● **Input records**
[Start of Attachment]

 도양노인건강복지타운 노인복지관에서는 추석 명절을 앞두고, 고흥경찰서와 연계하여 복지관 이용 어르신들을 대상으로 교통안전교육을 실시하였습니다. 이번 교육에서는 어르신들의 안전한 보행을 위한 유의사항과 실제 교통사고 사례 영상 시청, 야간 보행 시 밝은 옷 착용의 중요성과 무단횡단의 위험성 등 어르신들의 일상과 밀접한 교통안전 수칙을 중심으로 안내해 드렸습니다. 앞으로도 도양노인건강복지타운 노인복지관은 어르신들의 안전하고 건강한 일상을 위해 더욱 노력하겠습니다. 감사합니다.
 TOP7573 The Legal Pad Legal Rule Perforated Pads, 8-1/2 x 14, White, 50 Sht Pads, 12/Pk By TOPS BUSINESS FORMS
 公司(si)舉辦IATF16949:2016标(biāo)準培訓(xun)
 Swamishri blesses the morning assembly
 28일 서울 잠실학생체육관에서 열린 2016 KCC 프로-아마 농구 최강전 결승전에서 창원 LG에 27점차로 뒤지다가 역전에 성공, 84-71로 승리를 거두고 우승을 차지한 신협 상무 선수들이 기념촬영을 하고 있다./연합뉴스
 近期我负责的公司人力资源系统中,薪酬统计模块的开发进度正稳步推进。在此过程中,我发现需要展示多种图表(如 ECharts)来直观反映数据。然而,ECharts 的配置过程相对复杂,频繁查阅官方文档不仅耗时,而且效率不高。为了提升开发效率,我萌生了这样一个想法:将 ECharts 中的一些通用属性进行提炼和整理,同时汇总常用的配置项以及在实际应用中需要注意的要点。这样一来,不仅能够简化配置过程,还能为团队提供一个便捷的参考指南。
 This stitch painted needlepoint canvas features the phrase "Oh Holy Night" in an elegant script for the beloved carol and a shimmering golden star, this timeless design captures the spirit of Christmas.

[End of Attachment]
[Start of Attachment]

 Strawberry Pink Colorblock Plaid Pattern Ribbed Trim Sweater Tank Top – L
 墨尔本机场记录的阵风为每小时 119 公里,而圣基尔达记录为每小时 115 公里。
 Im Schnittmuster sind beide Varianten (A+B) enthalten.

[End of Attachment]
[Start of Attachment]

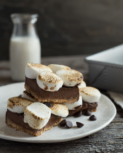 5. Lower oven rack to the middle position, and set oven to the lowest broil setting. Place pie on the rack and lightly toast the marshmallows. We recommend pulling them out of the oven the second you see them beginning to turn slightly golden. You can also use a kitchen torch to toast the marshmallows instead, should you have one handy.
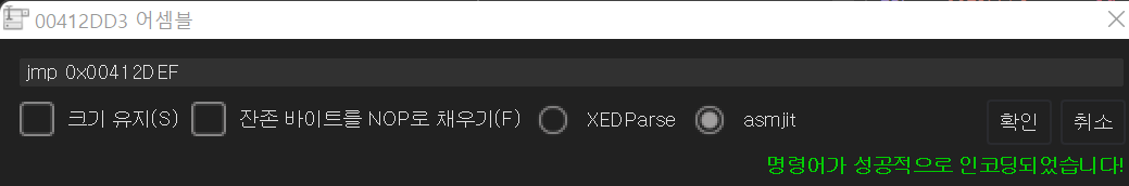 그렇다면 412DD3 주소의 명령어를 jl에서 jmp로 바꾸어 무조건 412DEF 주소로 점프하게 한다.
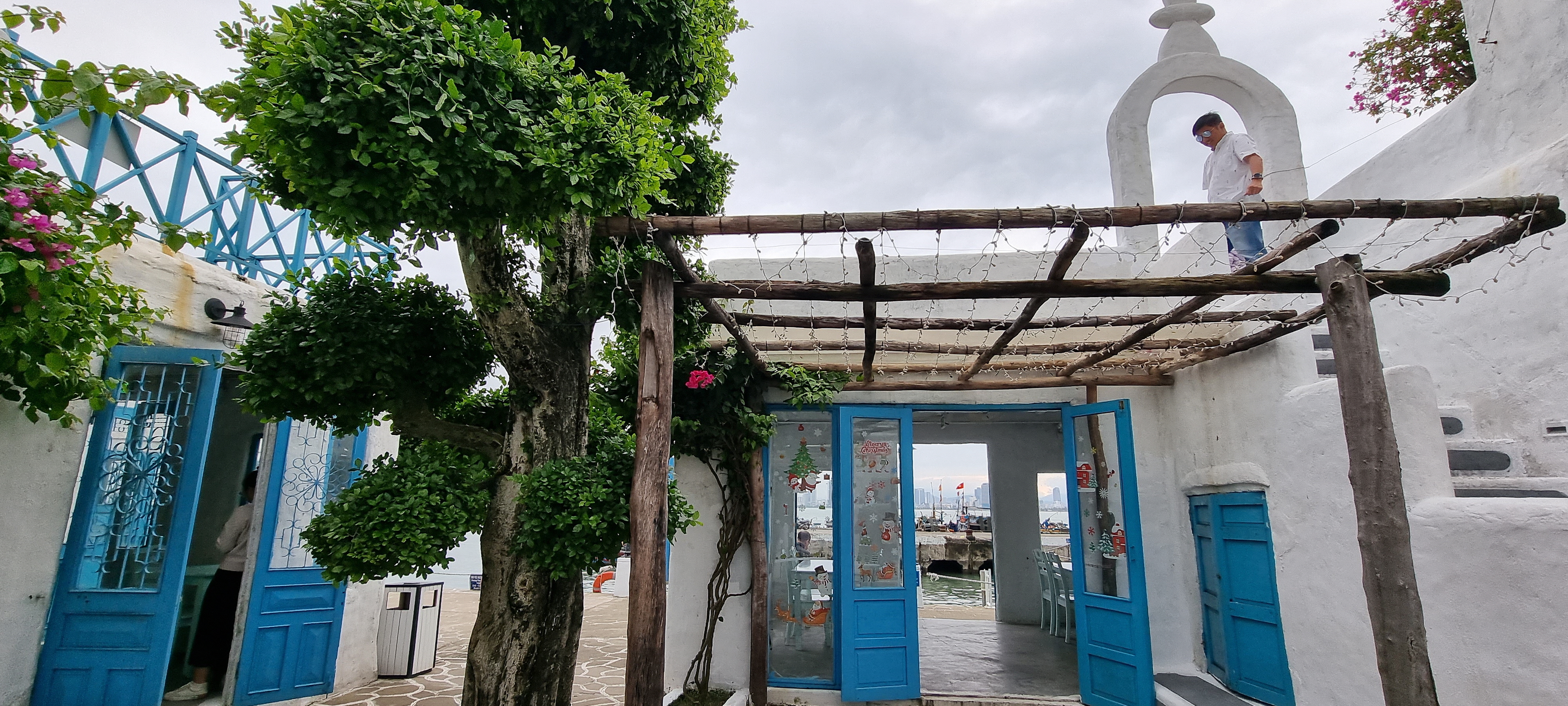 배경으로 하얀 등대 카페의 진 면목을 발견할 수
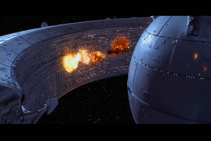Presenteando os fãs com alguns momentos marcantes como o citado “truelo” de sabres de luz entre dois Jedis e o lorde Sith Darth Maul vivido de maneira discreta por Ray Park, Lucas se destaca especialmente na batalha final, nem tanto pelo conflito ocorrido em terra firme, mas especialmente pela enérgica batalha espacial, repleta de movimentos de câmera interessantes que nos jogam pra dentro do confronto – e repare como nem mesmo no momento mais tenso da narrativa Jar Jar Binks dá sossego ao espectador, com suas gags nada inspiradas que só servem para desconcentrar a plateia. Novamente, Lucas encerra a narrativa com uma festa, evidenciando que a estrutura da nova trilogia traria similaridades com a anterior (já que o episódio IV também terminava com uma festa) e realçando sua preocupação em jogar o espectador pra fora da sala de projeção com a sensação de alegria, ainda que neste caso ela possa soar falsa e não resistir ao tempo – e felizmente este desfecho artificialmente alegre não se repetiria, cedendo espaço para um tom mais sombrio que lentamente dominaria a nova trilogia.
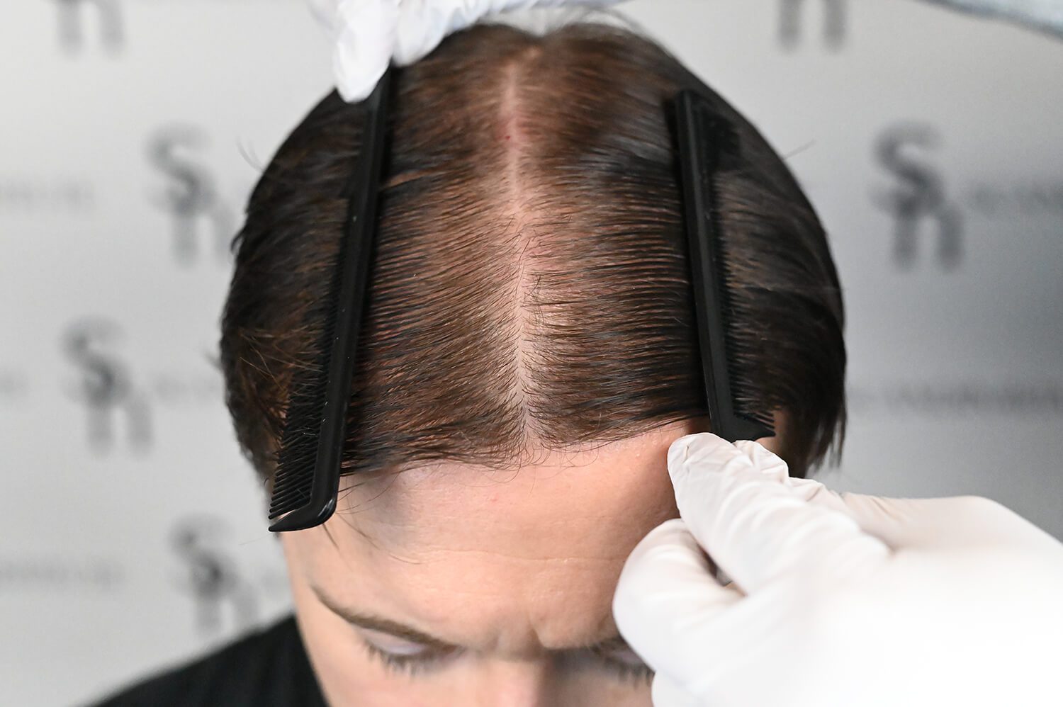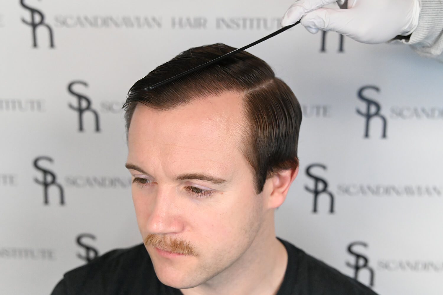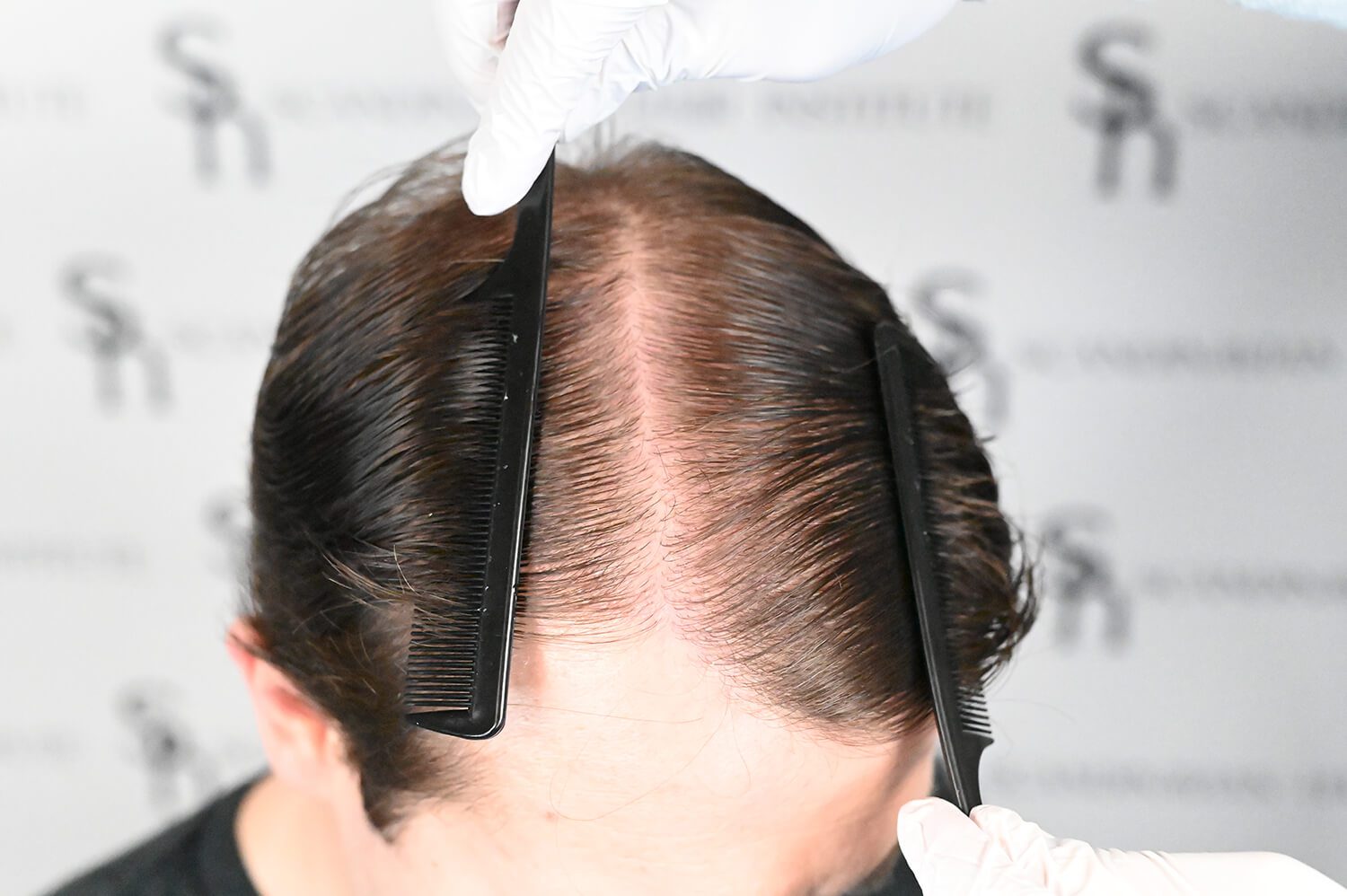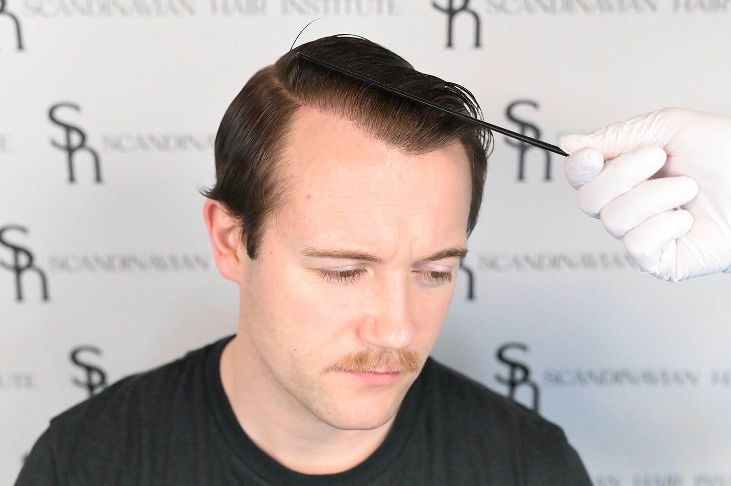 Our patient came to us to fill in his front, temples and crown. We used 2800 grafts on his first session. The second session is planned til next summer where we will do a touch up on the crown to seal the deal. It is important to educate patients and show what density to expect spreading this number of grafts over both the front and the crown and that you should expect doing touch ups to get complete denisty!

[End of Attachment]

● **Task to complete**
In the entries above, find the line holding "도양노인건강복지타운 노인복지관에서는 추석" and the line holding "This stitch painted", then retype exactly those two lines and every line between them, and nothing else.

● **Result of the exercise**
 도양노인건강복지타운 노인복지관에서는 추석 명절을 앞두고, 고흥경찰서와 연계하여 복지관 이용 어르신들을 대상으로 교통안전교육을 실시하였습니다. 이번 교육에서는 어르신들의 안전한 보행을 위한 유의사항과 실제 교통사고 사례 영상 시청, 야간 보행 시 밝은 옷 착용의 중요성과 무단횡단의 위험성 등 어르신들의 일상과 밀접한 교통안전 수칙을 중심으로 안내해 드렸습니다. 앞으로도 도양노인건강복지타운 노인복지관은 어르신들의 안전하고 건강한 일상을 위해 더욱 노력하겠습니다. 감사합니다.
 TOP7573 The Legal Pad Legal Rule Perforated Pads, 8-1/2 x 14, White, 50 Sht Pads, 12/Pk By TOPS BUSINESS FORMS
 公司(si)舉辦IATF16949:2016标(biāo)準培訓(xun)
 Swamishri blesses the morning assembly
 28일 서울 잠실학생체육관에서 열린 2016 KCC 프로-아마 농구 최강전 결승전에서 창원 LG에 27점차로 뒤지다가 역전에 성공, 84-71로 승리를 거두고 우승을 차지한 신협 상무 선수들이 기념촬영을 하고 있다./연합뉴스
 近期我负责的公司人力资源系统中,薪酬统计模块的开发进度正稳步推进。在此过程中,我发现需要展示多种图表(如 ECharts)来直观反映数据。然而,ECharts 的配置过程相对复杂,频繁查阅官方文档不仅耗时,而且效率不高。为了提升开发效率,我萌生了这样一个想法:将 ECharts 中的一些通用属性进行提炼和整理,同时汇总常用的配置项以及在实际应用中需要注意的要点。这样一来,不仅能够简化配置过程,还能为团队提供一个便捷的参考指南。
 This stitch painted needlepoint canvas features the phrase "Oh Holy Night" in an elegant script for the beloved carol and a shimmering golden star, this timeless design captures the spirit of Christmas.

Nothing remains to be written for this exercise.